В день Св. Михаила с раннего утра явился ко мне Лоренцо с большим котлом, где кипели макароны; для начала поставил я на жаровню масло, чтобы оно растопилось, и приготовил два своих блюда, посыпав их сыром пармезаном Лоренцо принес его уже натертым. Взяв дуршлаковую ложку, стал я наполнять блюда, поливая каждый слой макарон маслом и посыпая сыром, и кончил лишь тогда, когда увидел, что предназначенное монаху большое блюдо больше вместить не могло. Макароны плавали в масле до самых краев. Диаметр блюда был почти вдвое больше Библии. Я взял его, поставил на книгу, что лежала у дверей камеры, и поднял все вместе на ладонях, повернув корешок к Лоренцо; велев ему протянуть руки ладонями вверх, вручил я все честь по чести, медленно, чтобы масло из блюда не пролилось на Библию. Вручая сей важный груз, смотрел я Лоренцо прямо в глаза и, к большому своему удовольствию, не приметил, чтобы он хоть раз оторвал их от поверхности масла, каковое боялся пролить. Он хотел было отнести макароны, а после вернуться за Библией, но я со смехом возразил, что тогда дар мой утратит всю красоту. Наконец он взял его, жалуясь, что я налил слишком много масла, и объявляя, что если на Библию прольется, так его вины здесь нет. Как только Библия оказалась у него в руках, я уже не сомневался в успехе: пока он держал ее, концы эспонтона, что отлежали от взора моего на всю ширину книги, были для него невидимы; находились они на уровне плеч, и у него не было ни малейшей причины отворачиваться от масла и глядеть на какой-нибудь из них, ничем ему не интересный. Заботить его должно было одно: как удержать блюдо параллельно полу. Я провожал его взглядом, пока не увидел, как спускается он по трем ступеням, собираясь войти в тамбур перед камерой монаха. Падре Бальби высморкался три раза: то был условный сигнал, что все в целости вручено ему в руки. Лоренцо, возвратившись, сказал, что все передал, как подобает.
Падре Бальби понадобилась неделя, дабы проделать дыру в потолке; всякий день легко маскировал ее гравюрой, которую отклеивал и приклеивал назад хлебным мякишем.

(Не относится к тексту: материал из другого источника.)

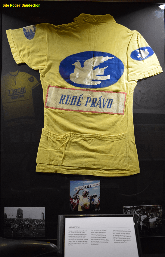 Le leader de « LA COURSE DE LA PAIX » portait cette tunique. Marcel MAES est le seul belge qui ait remporté cette épreuve en 1967. Nous signalerons les podiums de CLAES, VAN MEENEN, VANDERVEKEN, VANDEN BERGHEN, VERHAEGEN, VYNCKE. Une épreuve hors du temps !!!

Восьмого октября он написал, что во всю ночь долбил разделяющую нас стену, но удалось ему отколоть всего одну плитку; сгущая краски, описывал он, сколь трудно разбить кирпичи, скрепленные цементом, твердым как камень; он обещал продолжать работу, однако из письма в письмо повторял, что бежать нам не удастся и мы только ухудшим свое положение. Я отвечал, что уверен в обратном.

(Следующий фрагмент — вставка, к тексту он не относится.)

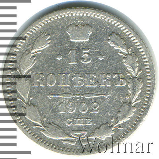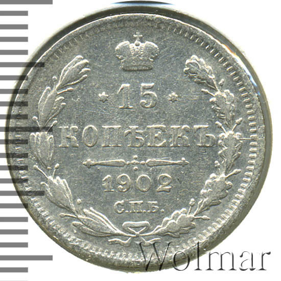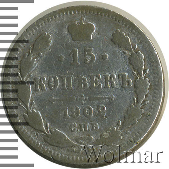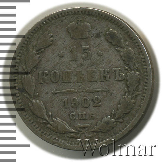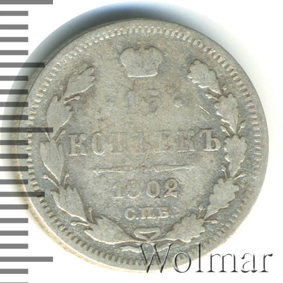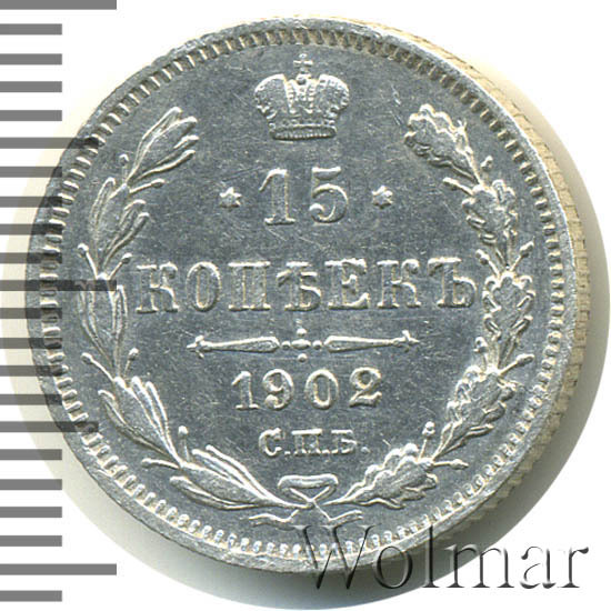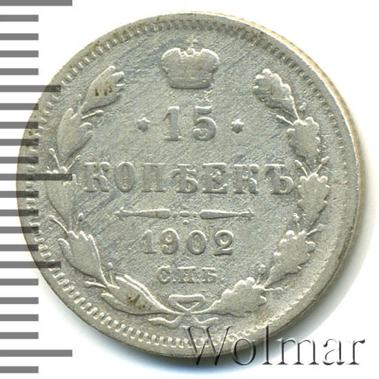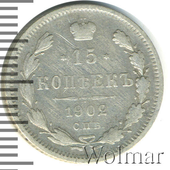 В центре указан номинал «15», ограниченный с обеих сторон звездочками. Над цифрой – Корона Российской империи. Под цифрой номинала — слово "КОПЕЕК". Ниже, расположен декоративный разделитель в виде двух разнонаправленных фигурных линий и стилизованным из точек крестом между ними. Под разделителем — дата выпуска монеты «1902». Под цифрой даты — обозначение монетного двора «С.П.Б.». Вдоль канта, не доходя до короны, изображен венок из лавровой и дубовой ветви, которые в нижней части перевязаны лентой на узел бантом. По окружности канта имеются рельефные элементы, выполненные в виде зубцов.

Увы! Я ни в чем не был уверен; но надобно было действовать либо оставить всякие попытки спастись. Как мог я сказать ему, что сам ничего не знаю? Я стремился выйти отсюда: вот и все, что я знал; и думал я лишь о том, чтобы предпринимать к этому шаги и двигаться вперед до тех пор, пока не встанет передо мною неодолимое препятствие. В великой книге, называемой опытом, прочел я и усвоил, что великие начинания надобно не обдумывать, но исполнять, не оспаривая у фортуны власти, какую имеет она над всяким деянием человеческим. Когда б сии высокие тайны нравственной философии поведал я падре Бальби, он бы почел меня безумцем.

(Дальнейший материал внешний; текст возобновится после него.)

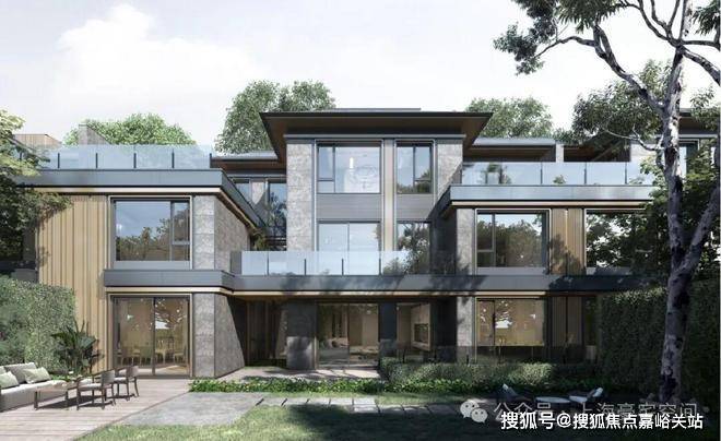 项目由5幢4层平层公寓、5幢3层别墅及1幢保障房组成。平层公寓45套,面积为170-350㎡,别墅23套,地上面积400㎡-690㎡。经典三段式别墅立面及大窗墙比,实现居住与自然的延伸;中灰色石材为基座,奢石宁静与土地矜贵互为映衬。中灰色石材的厚重感,深灰色铝板的舒展度,“安缦金”高奢质感勾勒边框,与蓝眼睛光面石砖、冰花蓝光面石材的交织下,呈现出“天光云影”的意境。

Работа его подвигалась тяжело только в первую ночь; впоследствии чем больше извлекал он кирпичей, тем легче было ему вынимать другие. В конце концов он сосчитал, что вынул из стены тридцать шесть кирпичей.
Шестнадцатого октября в восемнадцать часов развлекался я переводом одной из Горациевых од, как вдруг услыхал над головою топот и три слабых удара костяшками пальцев; я немедля отвечал таким же стуком: то был условный сигнал, свидетельство, что мы не ошиблись. Работал он до самого вечера и назавтра отписал, что если в потолке моем всего лишь два ряда досок, то он завершит работу в тот же день — доски были всего лишь в дюйм толщиною. Он обещал, что сделает желобок по кругу, как я его учил, и постарается ни в каком случае не продырявить насквозь последнюю доску; об этом я очень его просил: довольно было малейшей трещины внутри моей камеры, чтобы заподозрить, что потолок проломлен извне. Он уверял, что сделает такую ямку, чтобы, когда будет нужно, закончить ее в четверть часа. Я наметил уже на послезавтра ту минуту, когда, выйдя ночью из камеры, более в нее не вернусь: я не сомневался, что, имея товарища, в три или четыре часа проделаю отверстие в большой крыше Дворца дожей и поднимусь наверх, а там найду наилучший способ спуститься вниз, какой предоставить мне случай.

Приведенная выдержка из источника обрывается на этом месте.